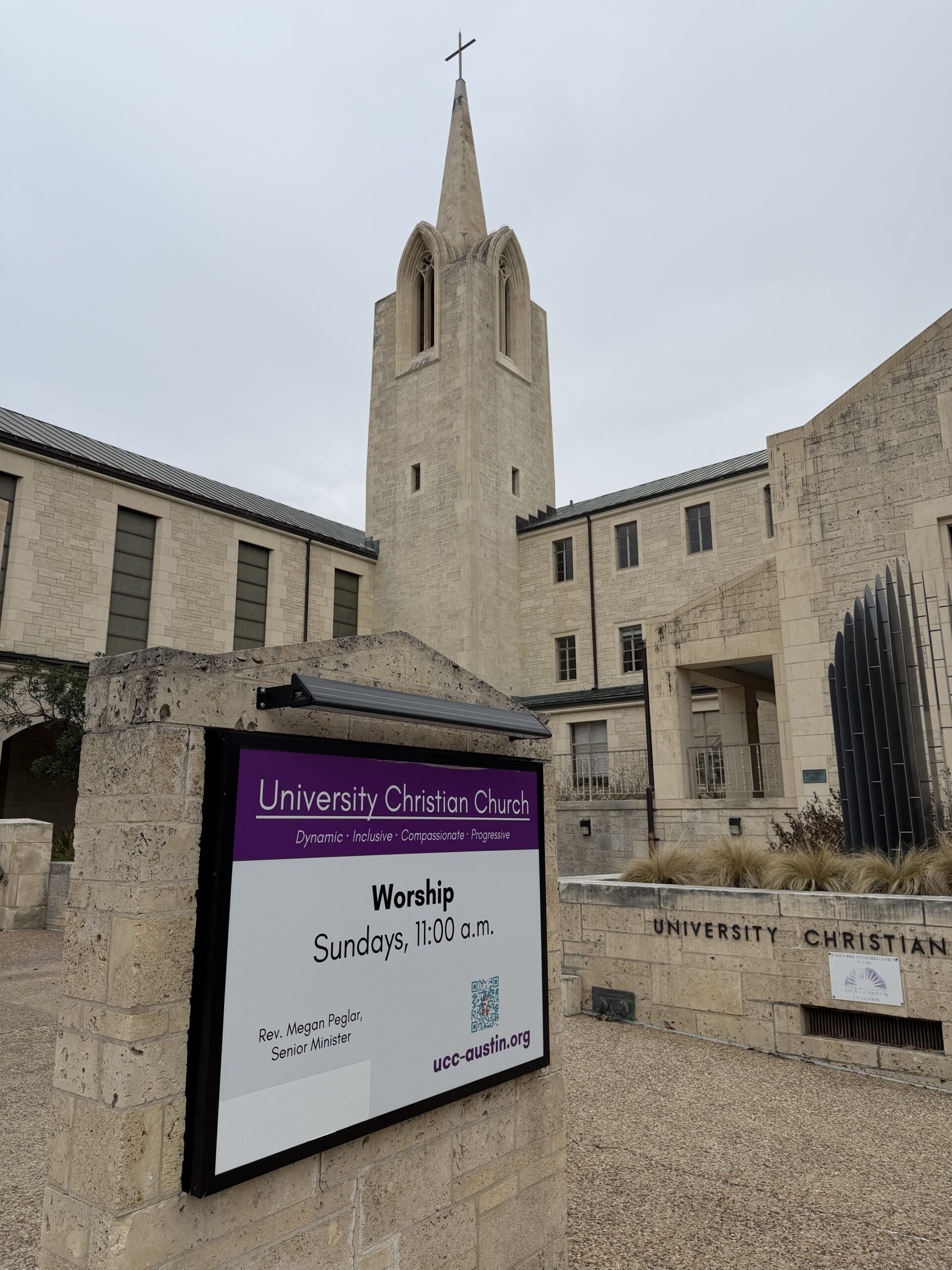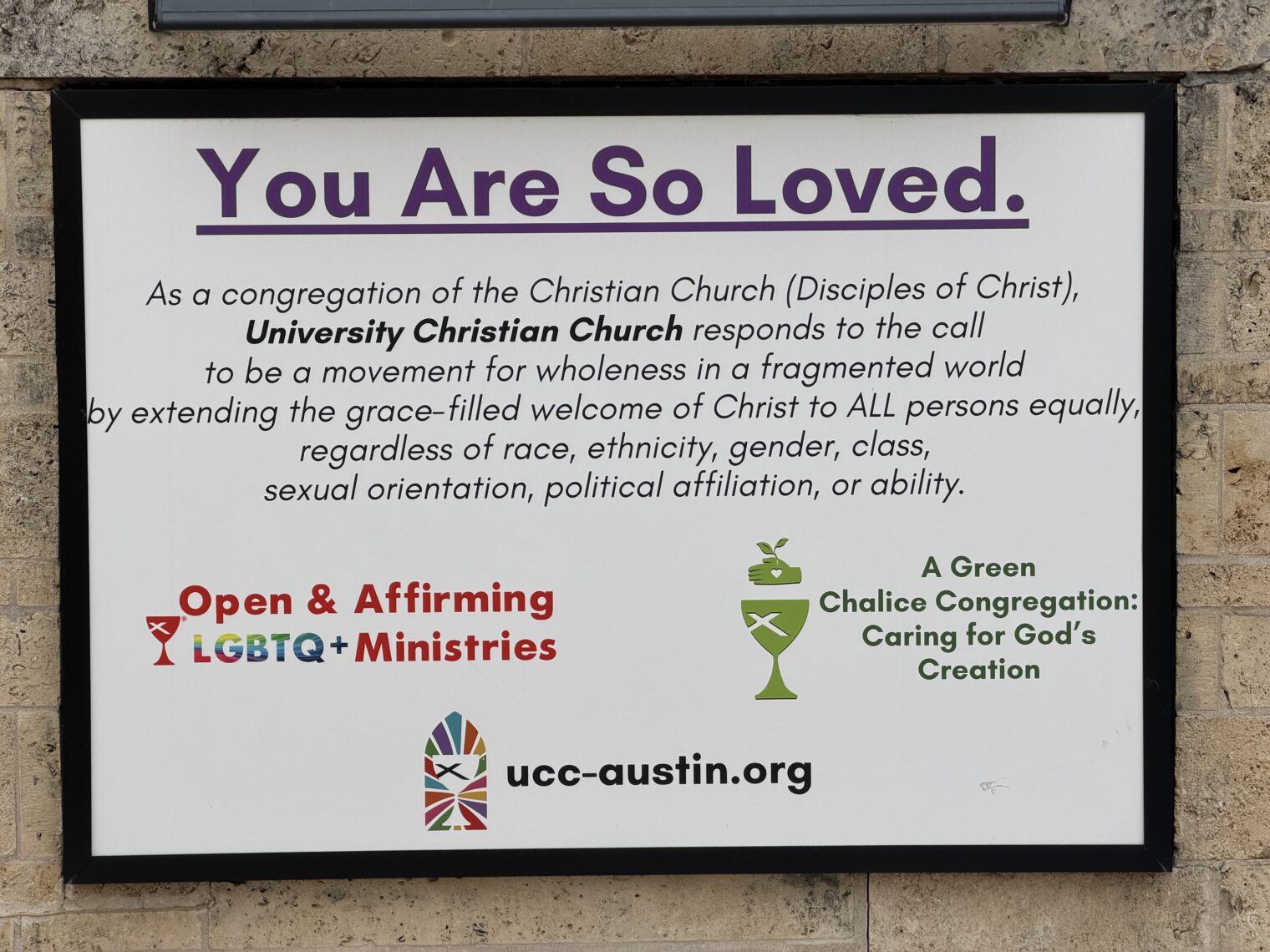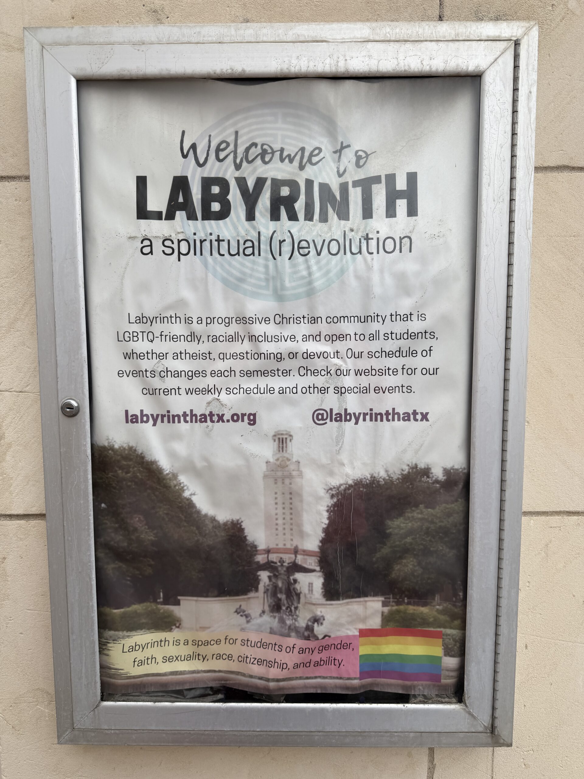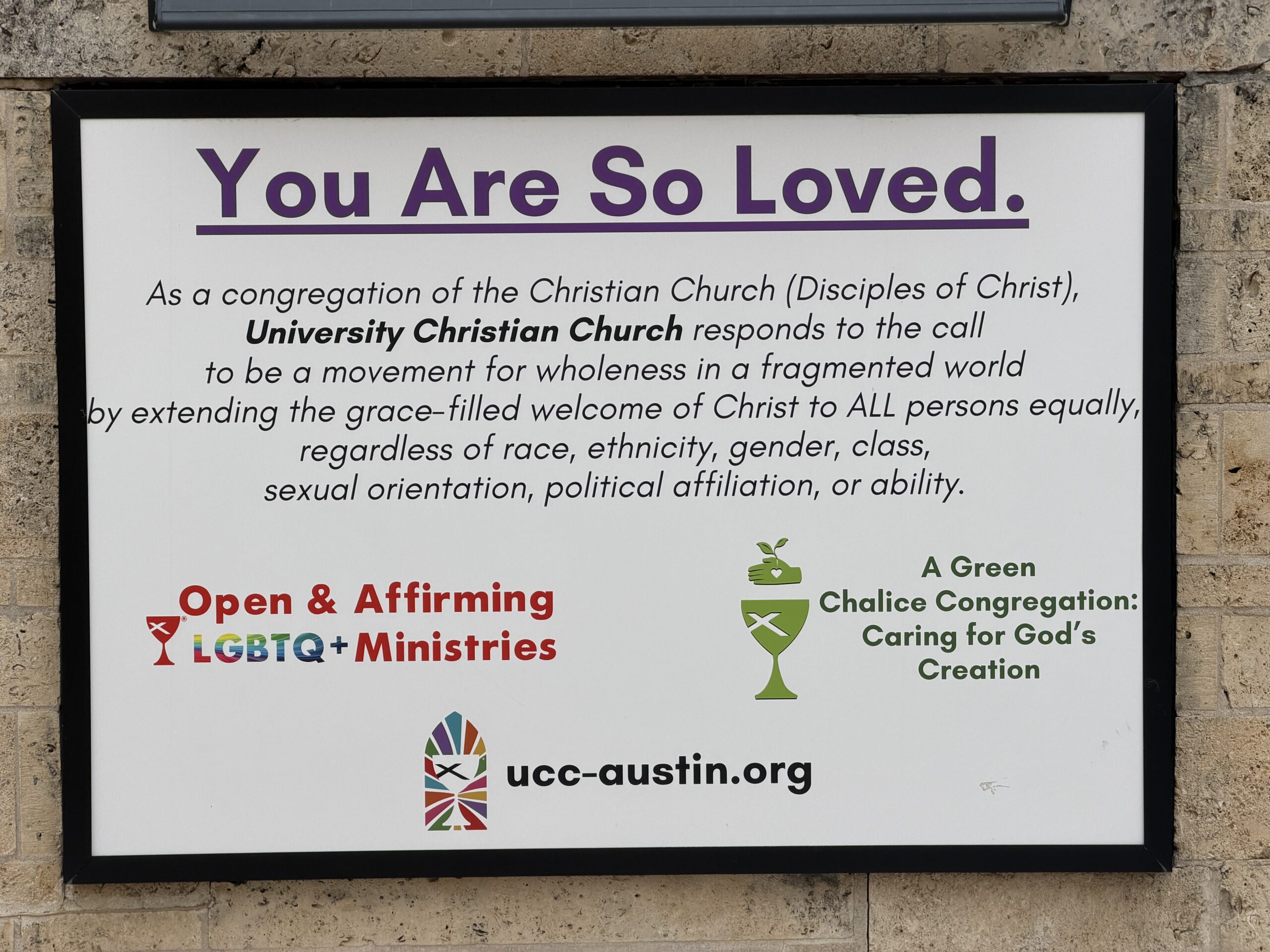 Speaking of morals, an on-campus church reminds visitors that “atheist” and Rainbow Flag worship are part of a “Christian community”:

--

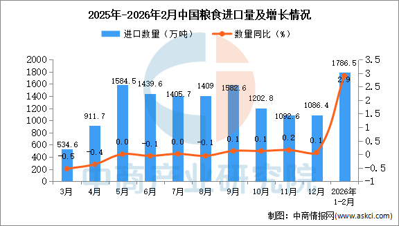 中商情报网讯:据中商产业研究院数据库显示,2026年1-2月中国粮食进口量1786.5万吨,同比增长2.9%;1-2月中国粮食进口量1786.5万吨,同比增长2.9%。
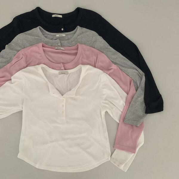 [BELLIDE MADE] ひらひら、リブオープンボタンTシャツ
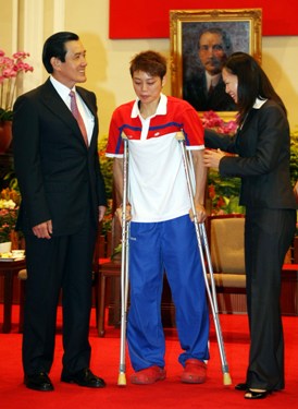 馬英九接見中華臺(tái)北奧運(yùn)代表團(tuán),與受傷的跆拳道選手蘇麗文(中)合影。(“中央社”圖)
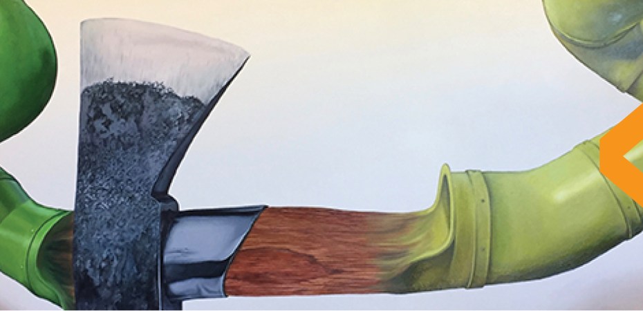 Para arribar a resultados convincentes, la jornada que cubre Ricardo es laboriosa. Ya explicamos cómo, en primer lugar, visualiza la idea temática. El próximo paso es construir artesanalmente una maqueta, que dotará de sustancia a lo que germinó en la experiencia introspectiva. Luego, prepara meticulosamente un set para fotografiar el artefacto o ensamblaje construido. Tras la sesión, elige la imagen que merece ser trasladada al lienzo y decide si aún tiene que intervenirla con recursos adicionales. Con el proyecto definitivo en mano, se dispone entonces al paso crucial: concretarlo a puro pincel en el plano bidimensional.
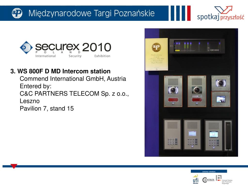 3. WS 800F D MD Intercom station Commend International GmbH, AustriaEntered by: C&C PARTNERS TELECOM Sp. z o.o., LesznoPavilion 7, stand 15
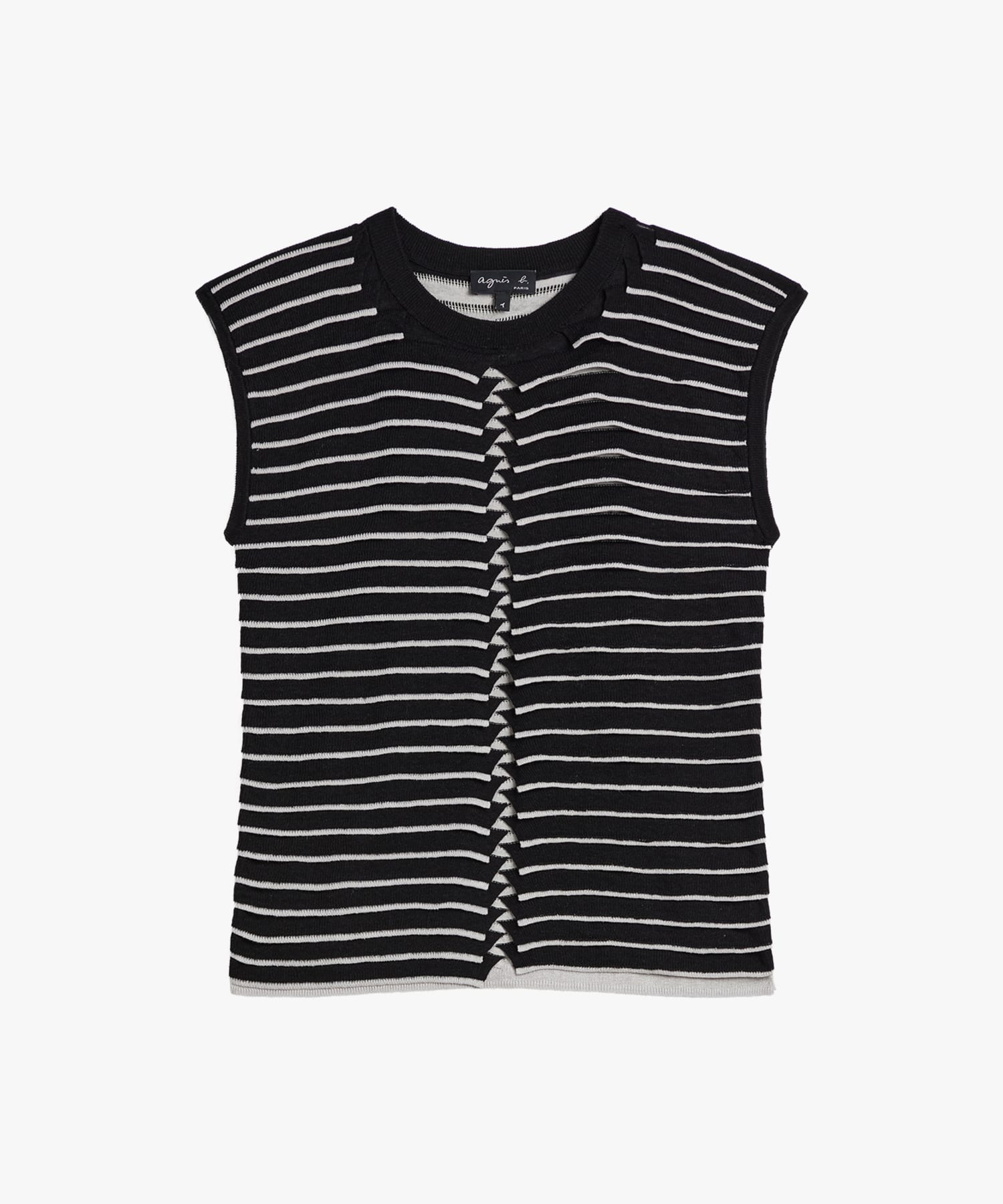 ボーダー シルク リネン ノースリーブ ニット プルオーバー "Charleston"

- [Exercise requirements]
What's needed is an exact copy of the records above from the line containing "Para arribar a" down to the line containing "ボーダー シルク リネン", both included, without any pictures.

- [Written answer]
 Para arribar a resultados convincentes, la jornada que cubre Ricardo es laboriosa. Ya explicamos cómo, en primer lugar, visualiza la idea temática. El próximo paso es construir artesanalmente una maqueta, que dotará de sustancia a lo que germinó en la experiencia introspectiva. Luego, prepara meticulosamente un set para fotografiar el artefacto o ensamblaje construido. Tras la sesión, elige la imagen que merece ser trasladada al lienzo y decide si aún tiene que intervenirla con recursos adicionales. Con el proyecto definitivo en mano, se dispone entonces al paso crucial: concretarlo a puro pincel en el plano bidimensional.
 3. WS 800F D MD Intercom station Commend International GmbH, AustriaEntered by: C&C PARTNERS TELECOM Sp. z o.o., LesznoPavilion 7, stand 15
 ボーダー シルク リネン ノースリーブ ニット プルオーバー "Charleston"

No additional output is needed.